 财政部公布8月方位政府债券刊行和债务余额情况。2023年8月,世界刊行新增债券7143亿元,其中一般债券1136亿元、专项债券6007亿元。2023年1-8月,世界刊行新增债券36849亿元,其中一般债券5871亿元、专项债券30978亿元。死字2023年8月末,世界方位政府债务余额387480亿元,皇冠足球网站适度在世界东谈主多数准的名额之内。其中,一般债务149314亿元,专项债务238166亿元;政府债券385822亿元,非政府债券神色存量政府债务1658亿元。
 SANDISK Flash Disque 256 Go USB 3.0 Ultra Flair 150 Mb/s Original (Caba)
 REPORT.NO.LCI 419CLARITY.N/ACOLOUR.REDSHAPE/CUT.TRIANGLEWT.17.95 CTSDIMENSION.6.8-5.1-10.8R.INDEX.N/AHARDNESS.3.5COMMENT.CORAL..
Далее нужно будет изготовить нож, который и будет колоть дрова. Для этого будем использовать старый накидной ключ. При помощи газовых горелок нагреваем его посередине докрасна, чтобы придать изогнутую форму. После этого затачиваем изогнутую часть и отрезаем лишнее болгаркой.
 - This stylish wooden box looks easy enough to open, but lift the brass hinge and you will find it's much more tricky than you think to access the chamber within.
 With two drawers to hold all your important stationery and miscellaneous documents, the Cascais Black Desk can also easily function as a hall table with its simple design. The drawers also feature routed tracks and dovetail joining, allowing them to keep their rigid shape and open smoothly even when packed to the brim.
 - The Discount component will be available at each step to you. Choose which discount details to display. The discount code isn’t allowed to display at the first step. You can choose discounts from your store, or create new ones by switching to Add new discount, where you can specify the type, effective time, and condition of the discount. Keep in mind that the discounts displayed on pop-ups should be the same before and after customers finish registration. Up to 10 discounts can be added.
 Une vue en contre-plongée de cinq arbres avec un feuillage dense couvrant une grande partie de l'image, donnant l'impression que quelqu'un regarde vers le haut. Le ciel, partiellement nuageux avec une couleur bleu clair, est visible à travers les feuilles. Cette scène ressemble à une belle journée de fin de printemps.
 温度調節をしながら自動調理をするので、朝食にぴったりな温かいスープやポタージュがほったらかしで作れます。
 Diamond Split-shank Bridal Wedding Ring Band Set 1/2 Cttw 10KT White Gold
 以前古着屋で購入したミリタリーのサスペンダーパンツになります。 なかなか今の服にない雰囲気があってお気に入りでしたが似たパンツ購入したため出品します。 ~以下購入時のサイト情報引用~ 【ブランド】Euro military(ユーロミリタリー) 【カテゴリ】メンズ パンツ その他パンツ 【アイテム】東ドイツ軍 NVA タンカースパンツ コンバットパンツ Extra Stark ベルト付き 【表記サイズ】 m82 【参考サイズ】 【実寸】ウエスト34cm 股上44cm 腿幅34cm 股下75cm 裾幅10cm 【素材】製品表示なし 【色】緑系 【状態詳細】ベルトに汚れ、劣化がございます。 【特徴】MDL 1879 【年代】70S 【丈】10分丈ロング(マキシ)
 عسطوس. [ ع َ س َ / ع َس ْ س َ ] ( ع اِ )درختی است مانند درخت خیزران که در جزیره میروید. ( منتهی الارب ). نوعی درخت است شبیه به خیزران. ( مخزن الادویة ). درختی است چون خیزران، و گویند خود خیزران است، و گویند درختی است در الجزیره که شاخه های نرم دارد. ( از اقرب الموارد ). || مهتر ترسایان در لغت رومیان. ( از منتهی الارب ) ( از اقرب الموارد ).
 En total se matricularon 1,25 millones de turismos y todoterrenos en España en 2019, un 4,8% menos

[The task]:
Beginning with the line that has "Une vue en contre-plongée" and ending with the line that has "Diamond Split-shank Bridal", set down the lines above exactly and include no others.

[Answer space]:
 Une vue en contre-plongée de cinq arbres avec un feuillage dense couvrant une grande partie de l'image, donnant l'impression que quelqu'un regarde vers le haut. Le ciel, partiellement nuageux avec une couleur bleu clair, est visible à travers les feuilles. Cette scène ressemble à une belle journée de fin de printemps.
 温度調節をしながら自動調理をするので、朝食にぴったりな温かいスープやポタージュがほったらかしで作れます。
 Diamond Split-shank Bridal Wedding Ring Band Set 1/2 Cttw 10KT White Gold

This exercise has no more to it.